Coraz bliżej rozłamu w Konfederacji. Posłowie czują się oszukani

18.01.2023 16:30

Konfederacja uchyliła uchwałę, która gwarantowała obecnym posłom start w jesiennych wyborach parlamentarnych z tzw. jedynek. Artur Dziambor stwierdził, że rada liderów partii "złamała święte zasady" i nie wykluczył startu z innych list. Dobromir Sośnierz powiedział z kolei, że liderzy Konfederacji "zamierzają dopuścić się wiarołomstwa".

artur dziambor
fot. Piotr Molecki /East News

Sytuacja w Konfederacji jest dość skomplikowana. Przypomnijmy, że w skład partii wchodzą cztery mniejsze ugrupowania: Nowa Nadzieja (dawniej KORWiN), Ruch Narodowy, "Korona" Grzegorza Brauna oraz od niedawna Wolnościowcy (grupa posłów, która odeszła z partii KORWiN). Współpraca w Konfederacji układała się pozytywnie do momentu, gdy szefem Nowej Nadziei został Sławomir Mentzen - skonfliktowany z Arturem Dziamborem i Dobromirem Sośnierzem.

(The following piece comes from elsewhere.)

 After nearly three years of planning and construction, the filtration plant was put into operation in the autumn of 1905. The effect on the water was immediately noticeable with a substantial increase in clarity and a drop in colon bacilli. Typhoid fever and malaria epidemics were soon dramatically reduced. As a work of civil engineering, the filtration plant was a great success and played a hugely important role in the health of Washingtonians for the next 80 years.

Jednym z celów Mentzena stało się uzgodnienie nowych zasad prowadzenia polityki w ramach całej Konfederacji, m.in. dotyczących podziału miejsc na listach wyborczych. 

Partia Nowa Nadzieja Sławomira Mentzena szybko przeszła od słów do czynów i prowadzi obecnie prawybory parlamentarne, w których wybierani są liderzy list w jesiennych wyborach. Przeciwko prawyborom od początku protestowali Wolnościowcy, którzy przekonywali, że formuła ta jest sprzeczna z zasadami, które dużo wcześniej przyjęte zostały w Konfederacji. O co dokładnie chodzi?

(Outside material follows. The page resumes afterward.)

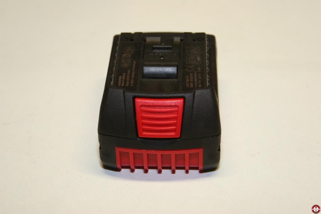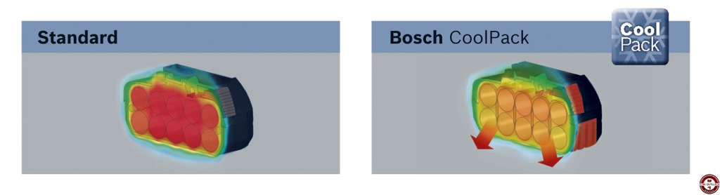 La perceuse-visseuse Bosch Professional GSB 18-VE-2-LI est équipée de la nouvelle batterie Lithium-Ion 4.0Ah dotée de la technologie CoolPack. Contrairement aux autres batteries de la concurrence qui ont opté pour la surveillance électronique des cellules pour stopper la batterie ou la machine en cas de surchauffe ou surintensité, Bosch a choisi une autre solution avec son système CoolPack. Les batteries ont un logement d’une forme spéciale, les cellules sont insérées avec préciion dans un dissipateur rouge auquel elles sont collées de façon thermique grâce à un polyéthylène de très haute densité qui est un très bon conducteur de chaleur et isole électriquement. La sécurité de la batterie se trouve augmentée. Les ailettes de refroidissement fixées sur l’extrémité inférieure offrent une plus grande surface d’échange et dissipent la chaleur vers l’extérieur.

Już dwa lata temu rada liderów Konfederacji przyjęła uchwałę, która gwarantowała start w wyborach obecnym posłom z tzw. jedynek, czyli pierwszych miejsc na listach. Wolnościowcy przekonywali, że prawybory w partii Nowa Nadzieja stoją w sprzeczności z tą uchwałą. Ich zdaniem miejsca na listach Konfederacji zostały już podzielone, a partia Mentzena nie ma prawa wywracać tych uzgodnień do góry nogami.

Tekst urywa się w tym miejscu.